= Task to complete =
Pictures stay out of the answer, but every line of the material must be restated exactly.

= Data provided =
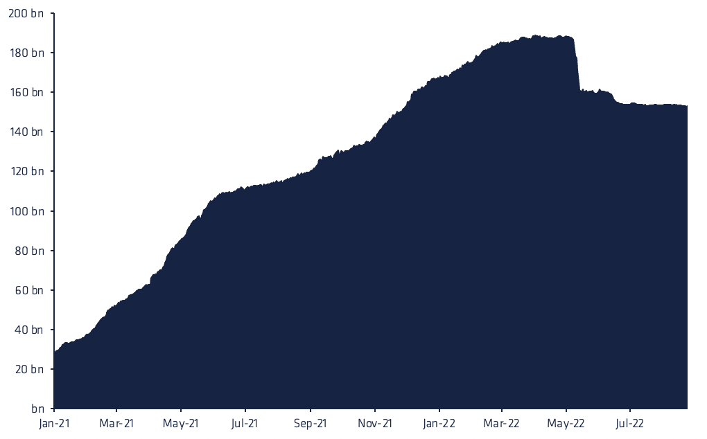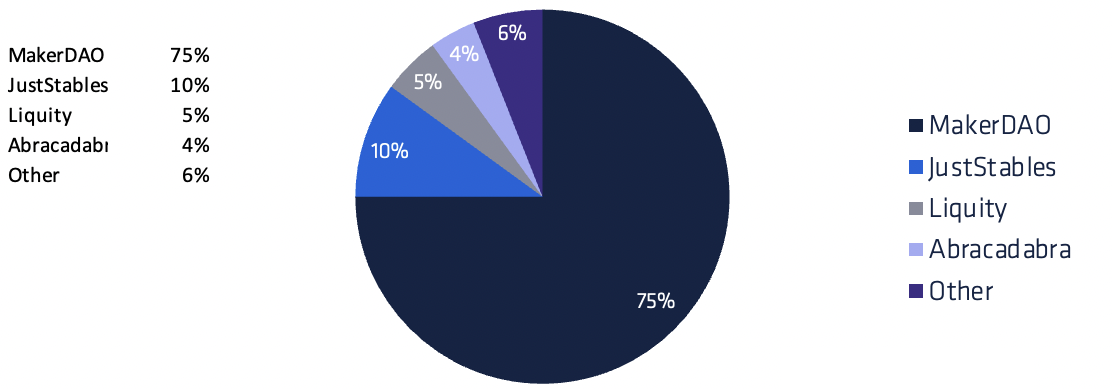 These deposits are crypto assets that have increased price volatility risk and hence loans are overcollateralised to compensate for this risk. Users can choose to return the stablecoin at any time in return for their deposited assets. The collateral ratio needed in return for CDP stablecoins depends on the crypto asset being deposited. For instance, an ETH deposit would require a 1.5 ETH deposit for every 1 ETH worth of stablecoin borrowed. Conversely, a USDC deposit that is less volatile would require a 1.25 USDC for every 1 USDC worth of stablecoin borrowed. Above we show a breakdown of the market share for the leading CDP protocols. MakerDAO is the clear leader as it pioneered the concept of CDPs in 2017. As of August 2022, the market value of all CDP stablecoins stood at ~$12bn.
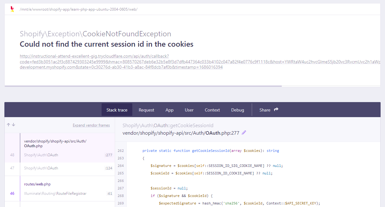 18、安装应用时报错:Shopify\Exception\CookieNotFoundException Could not find the current session id in the cookies。如图3
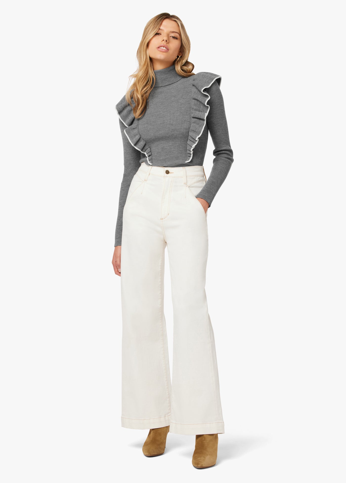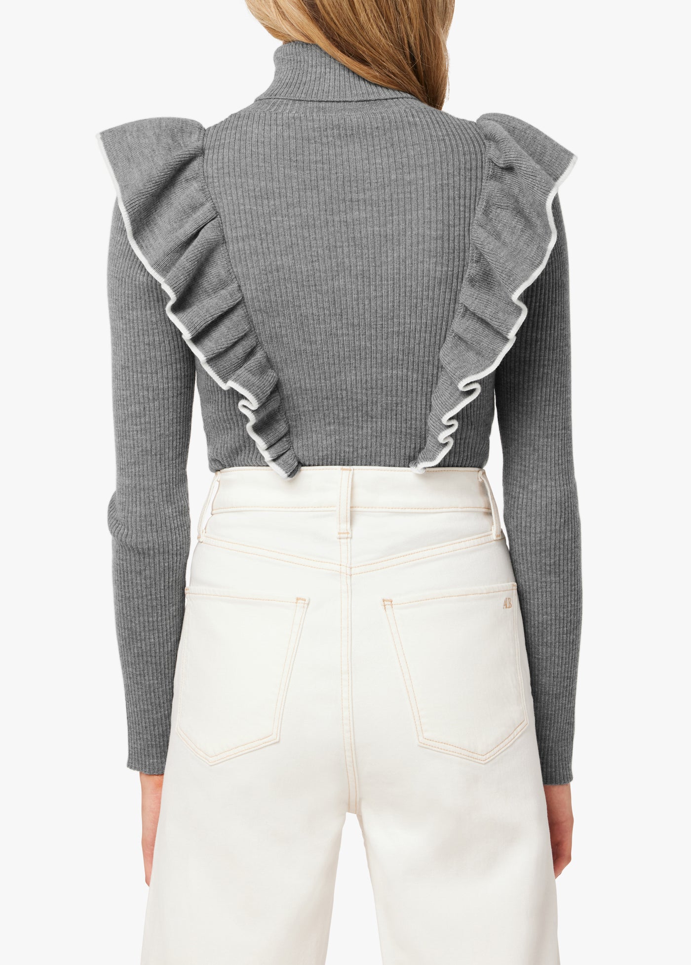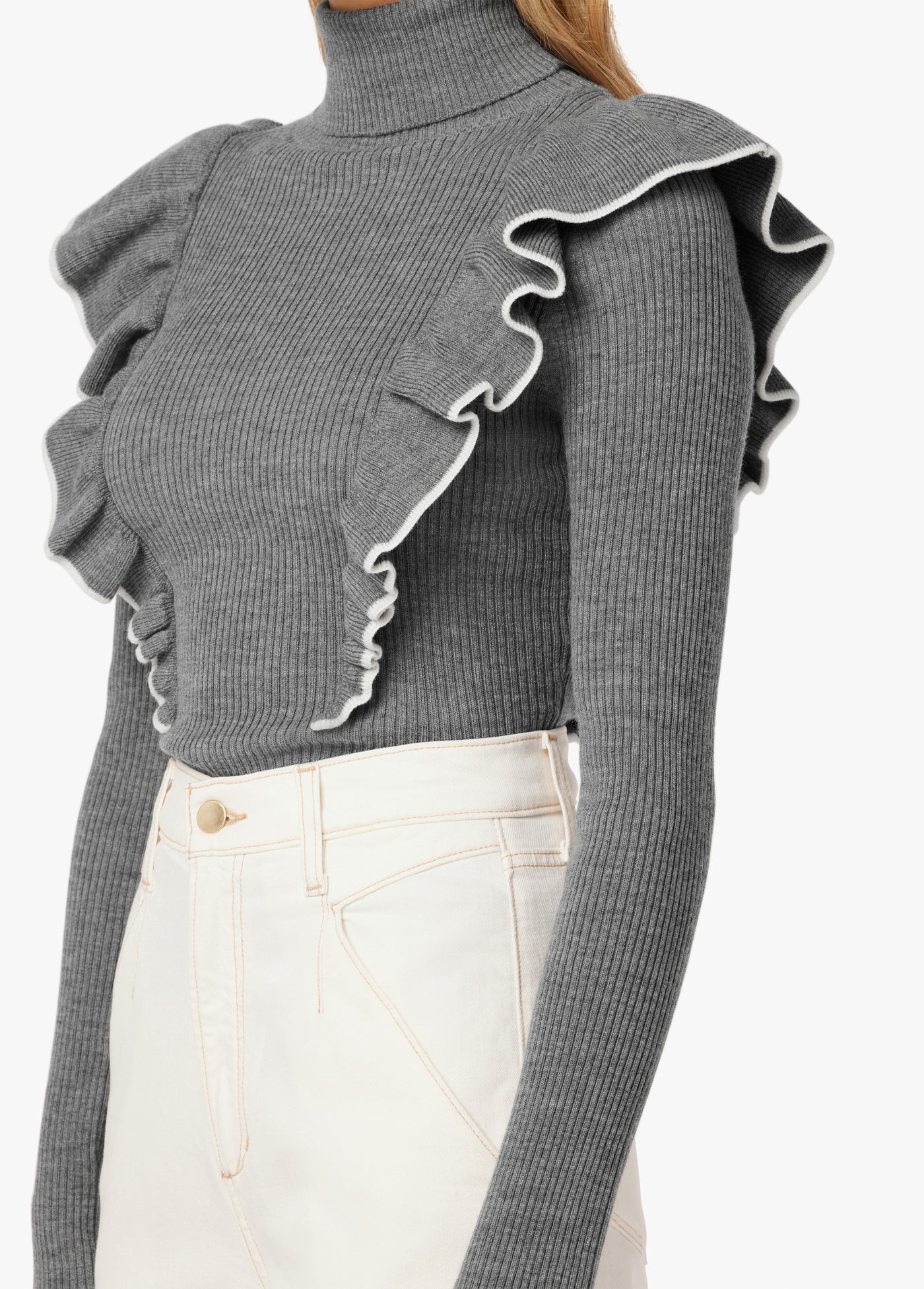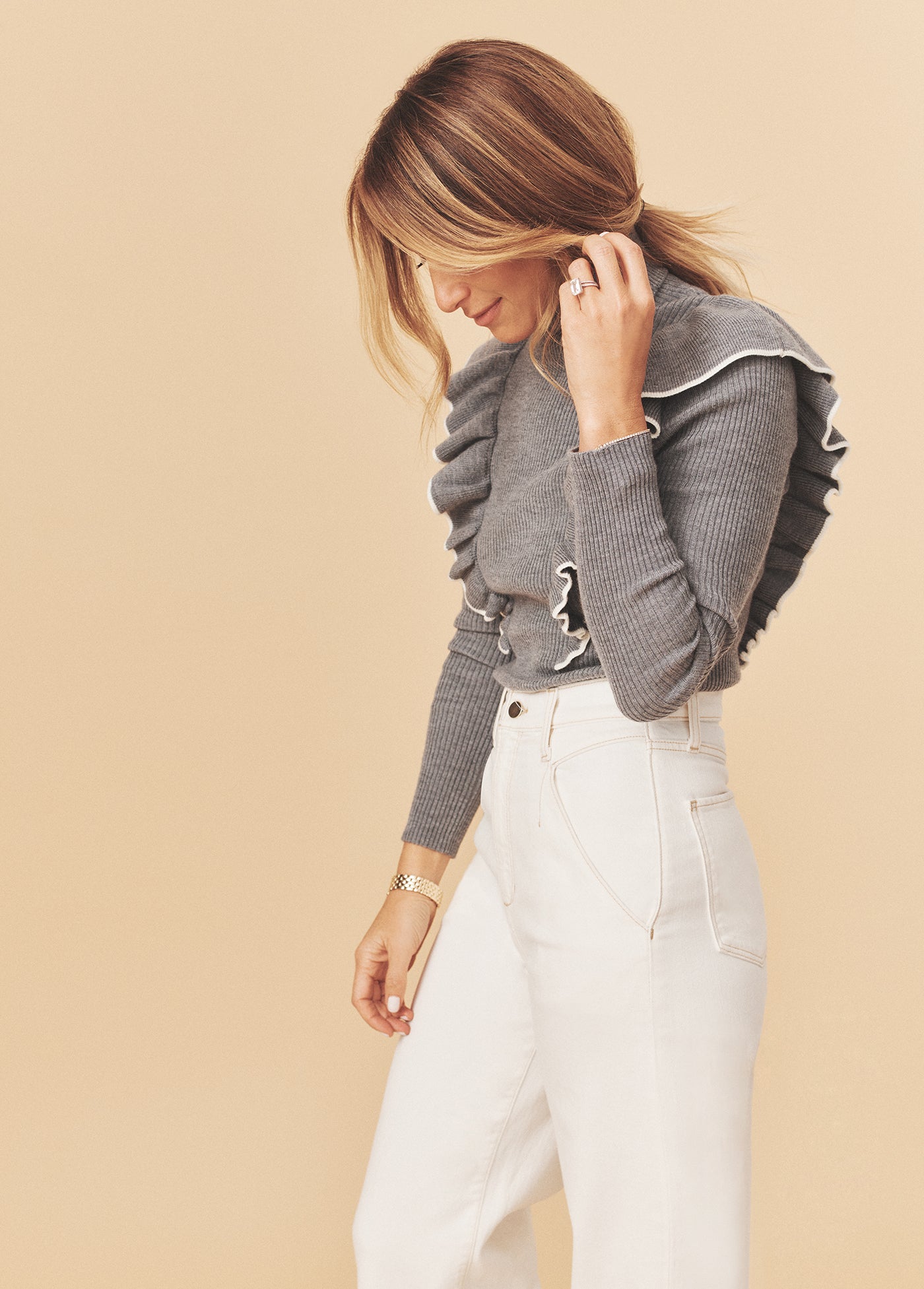 In collaboration with wardrobe stylist and influencer Andrea Lublin, The Heather Sweater is cut from a heather grey, soft rib knit that features ruffle details. The long sleeve, turtleneck style has a fitted silhoutte.

= Answer section =
 These deposits are crypto assets that have increased price volatility risk and hence loans are overcollateralised to compensate for this risk. Users can choose to return the stablecoin at any time in return for their deposited assets. The collateral ratio needed in return for CDP stablecoins depends on the crypto asset being deposited. For instance, an ETH deposit would require a 1.5 ETH deposit for every 1 ETH worth of stablecoin borrowed. Conversely, a USDC deposit that is less volatile would require a 1.25 USDC for every 1 USDC worth of stablecoin borrowed. Above we show a breakdown of the market share for the leading CDP protocols. MakerDAO is the clear leader as it pioneered the concept of CDPs in 2017. As of August 2022, the market value of all CDP stablecoins stood at ~$12bn.
 18、安装应用时报错:Shopify\Exception\CookieNotFoundException Could not find the current session id in the cookies。如图3
 In collaboration with wardrobe stylist and influencer Andrea Lublin, The Heather Sweater is cut from a heather grey, soft rib knit that features ruffle details. The long sleeve, turtleneck style has a fitted silhoutte.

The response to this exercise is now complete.